一方、最近の横断研究では、90分を超える昼寝はメタボリックシンドロームのリスクを高めるが、30分程度の昼寝はメタボリックシンドロームを予防する可能性があると指摘している。
・メタボリックシンドロームの構成要素に関する解釈
肥満
1日の平均昼寝時間が30分以上の場合、肥満と正の相関があることがわかった。いくつかの横断研究で長い昼寝と肥満との関連が指摘されているが、中国の横断研究では30分~1時間の昼寝の習慣がBMI≧25kg/m2で判定される過体重のリスクの減少と関連しており、我々の以前の前向き研究では30分の毎日の昼寝が肥満のリスクの減少と関連していた。同じコホートを対象とした2つの研究の間にこのような明らかな違いがあるのは、肥満の測定方法の違い(先行研究ではウエスト周囲径ではなくBMIを使用)、サンプル集団の違い(先行研究ではベースライン時に肥満のある参加者のみを除外したが、我々はメタボリックシンドロームの基準を持つ参加者を除外した)、昼寝の分類の違い(先行研究では30分以内の昼寝と30分以上の昼寝を別々のグループに分けたが、我々の研究ではこの2つのカテゴリーを統合した)に起因する。
トリグリセリド
平均30分以上の昼寝は、高トリグリセリドのリスクを高めることがわかった。昼寝の時間が長く、頻度が高いことと高トリグリセリドとの間にはこれまでにもクロスセクション研究で正の相関が報告されている。
・メタボリックシンドロームの残りの基準
過去の研究では、昼寝の長さと2型糖尿病、30分以上の昼寝と高血圧との間に正の関係があることが示されていたが、昼寝の長さと血圧、昼寝の長さと血糖値上昇との間には関係が見られなかった。
・生物学的説明
起床時に起こる血圧の上昇と心血管の変化によってもたらされる継続的な影響により、シエスタが心血管死亡率と関連していることが示唆されてきた。
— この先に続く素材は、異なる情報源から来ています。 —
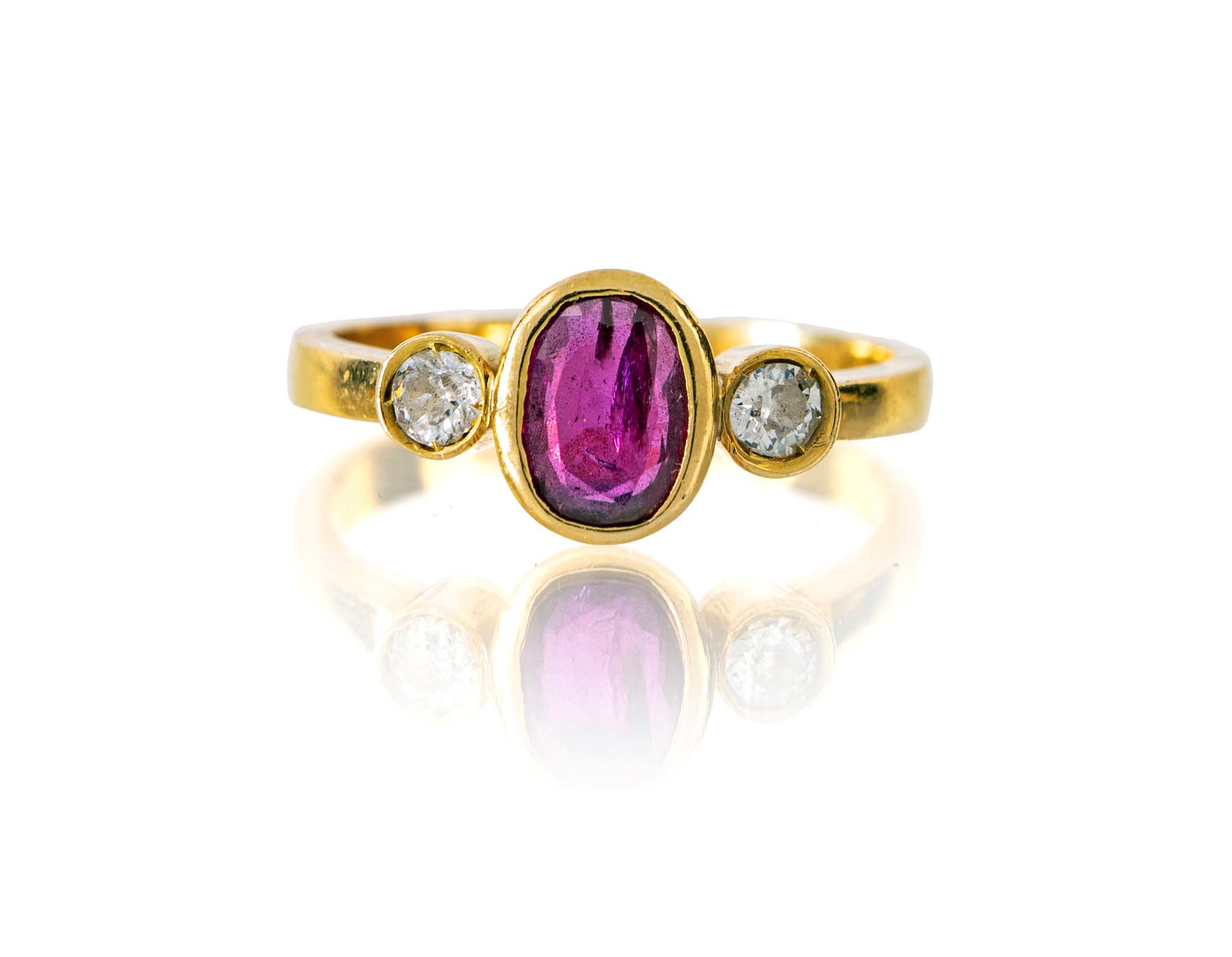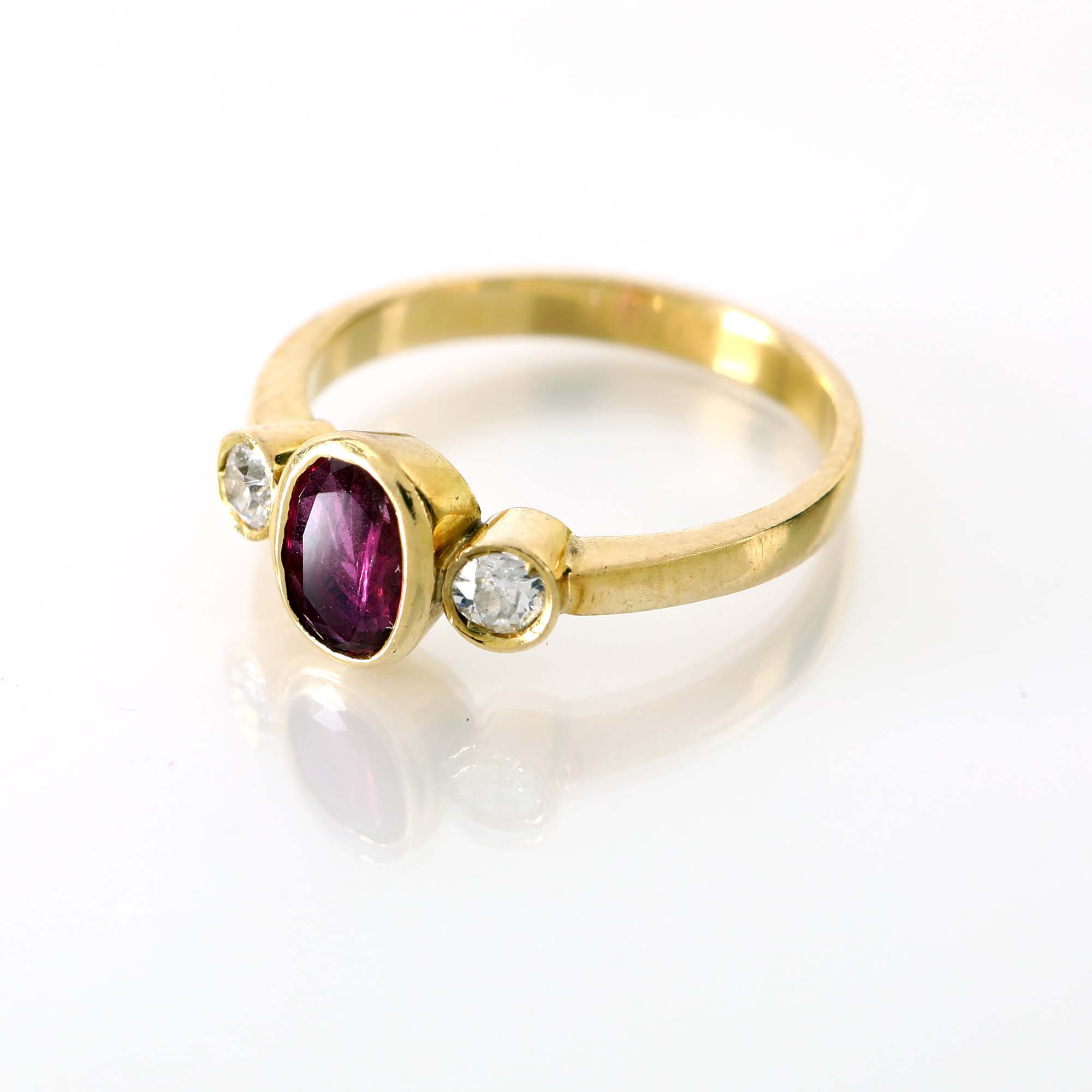 Anello in oro, brillanti e rubini Oro giallo 750/000. Rubino naturale in taglio ovale, diamanti in taglio rotondo brillante. Peso complessivo gr. 3,40 Misura 14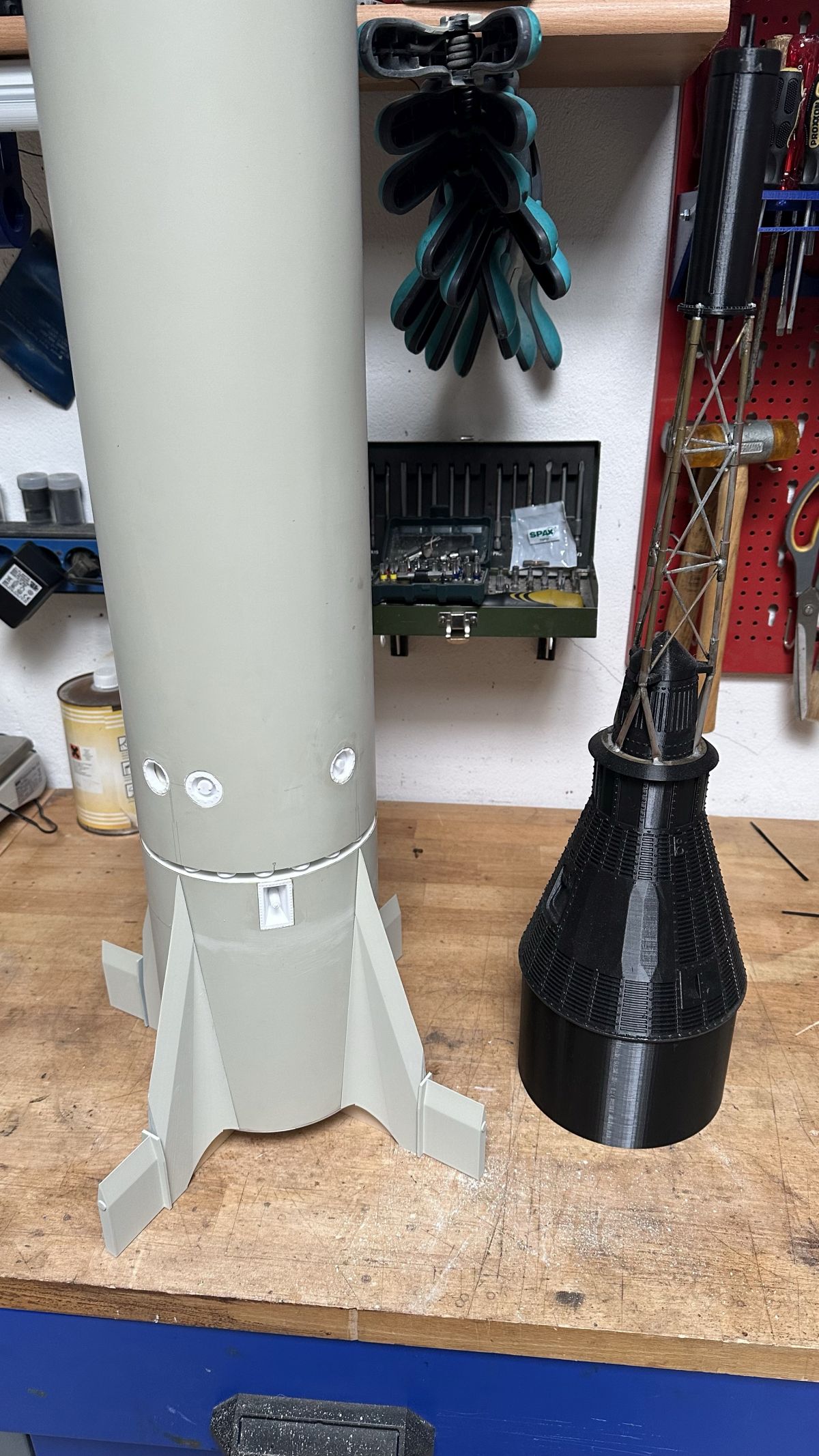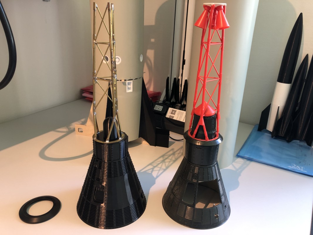 Rohre und Fins sind soweit fertig, die Ebay wird aus einem Rest des Rohres geformt. Dann muss da noch eine Mercury-Kapsel her. Ich habe ein Modell hier mit sehr vielen Details und Astronaut, Cockpit usw. Das sollte ursprünglich mitfliegen, aber ich denke es wird es nicht überleben. Also werde ich die Kapsel doppelt machen: Eine für Show, und eine für den Flug. Die Flugkapsel drucke ich aus PETG aus, ein Modell von Thingiverse diente als Basis, wurde skaliert und ein wenig flugtauglich gemacht. Darauf kommt ein Tower aus Messing, und ganz vielleicht ein echter Rettungsmotor, der den Turm dann im Flug wegzieht, wie beim Original. Da muss ich aber noch Tests machen ob das klappt. Hier erst mal vorab der Vergleich Showkapsel (rechts) vs. Flugkapsel (links)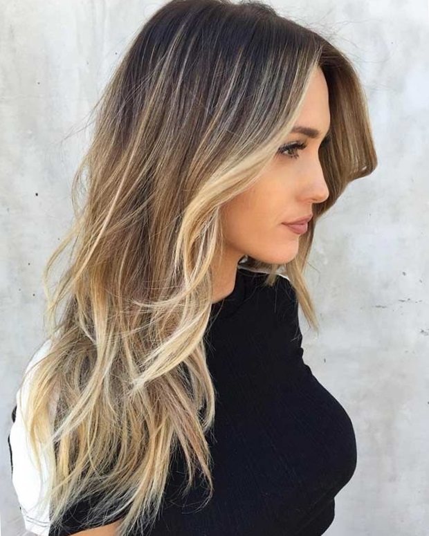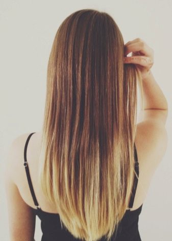 When compared to ombrethen it implies darkening of the curls. Hair with this effect has a darker color at the roots and gradually becomes lighter towards the ends. Color is applied only locally at the tips, shades should complement each other. Ombre is ideal for women who have long hair.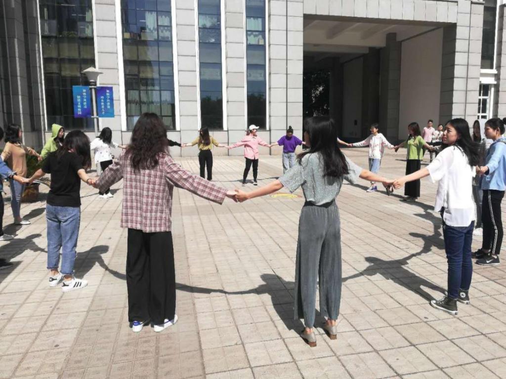 全班同学分为十人一组,手拉手围成圈,并记住左右两边的同学,松手后任意走动、站定,再次牵到原来两边同学的手,此时,团队成为一团乱麻,在不松手的情况下,把乱麻解开。这是一个寓意丰富的游戏,蕴藏着很多人生哲理,通过团体小组的情感分享,使成员体验到当人生中遇到困扰时,只要善于用心,一定可以解脱。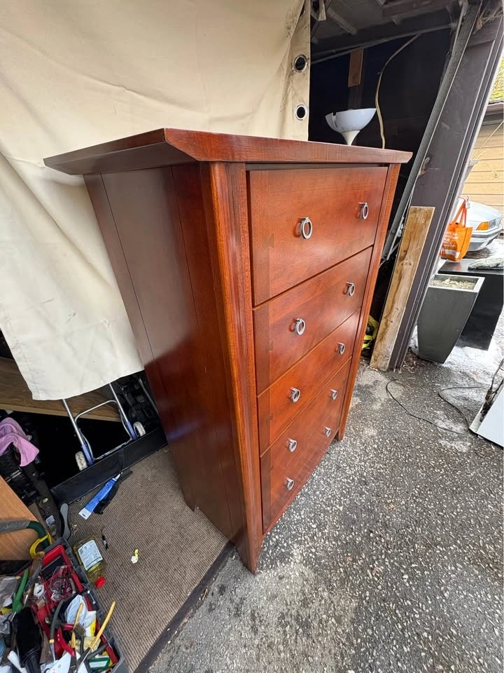 Beautiful MCM-style solid wood 5-drawer dresser.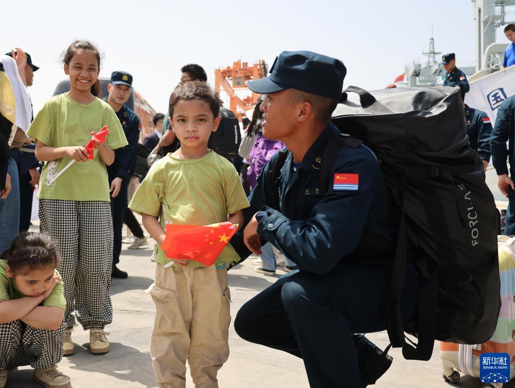 4月27日,從蘇丹撤離人員乘坐中國海軍軍艦抵達沙特阿拉伯吉達港。

この理論では、シエスタを取ることで睡眠から目覚める一日当たりの回数が増え、それによって関連する心血管リスクが増加するとしている。
しかしこの研究では、シエスタと血圧上昇との間に有意な関連を見いだすことはできなかった。
おそらくこの理論は、シエスタする時点ですでに高血圧や心血管疾患を患っている人に最も関係があると思われる。
シエスタとメタボリックシンドロームとの間に観察された関連性の生物学的説明の大部分は、概日リズムに見出されるであろう。
概日リズムはエネルギー摂取量、エネルギー消費量、および食物に対する生理的反応と同様に、睡眠のタイミングと質に強く影響する。
概日リズムの乱れは耐糖能を低下させ、エネルギー消費量を減少させ、食欲とエネルギー摂取量を増加させる。
社会的な時差ぼけ、シフトワーク、夜間の光への曝露といった形での概日リズムの乱れは、メタボリックシンドローム、体重増加、心血管死亡率とも関連している。
昼間の暗闇への曝露によって、あるいは昼下がりに生理的に起こると考えられているコルチゾールのディップの時間を昼寝の時間が超えた場合に、昼寝が概日リズムを乱す可能性があると思われる。
結論
健康な人であっても、長時間の昼寝は肥満や心血管疾患のリスクを高めるという証拠を共有することが重要。
昼寝は時々にして、30分以内にすべきである。
運動や早歩きなど、午後の注意力や認知力を高める他の方法を知ってもらい、医療関係者は夜に十分な睡眠をとることの利点を強調すべきである。
睡眠障害のある人には、睡眠不足による悪影響を最小限に抑えるため、昼寝以外の方法を推奨すべきである。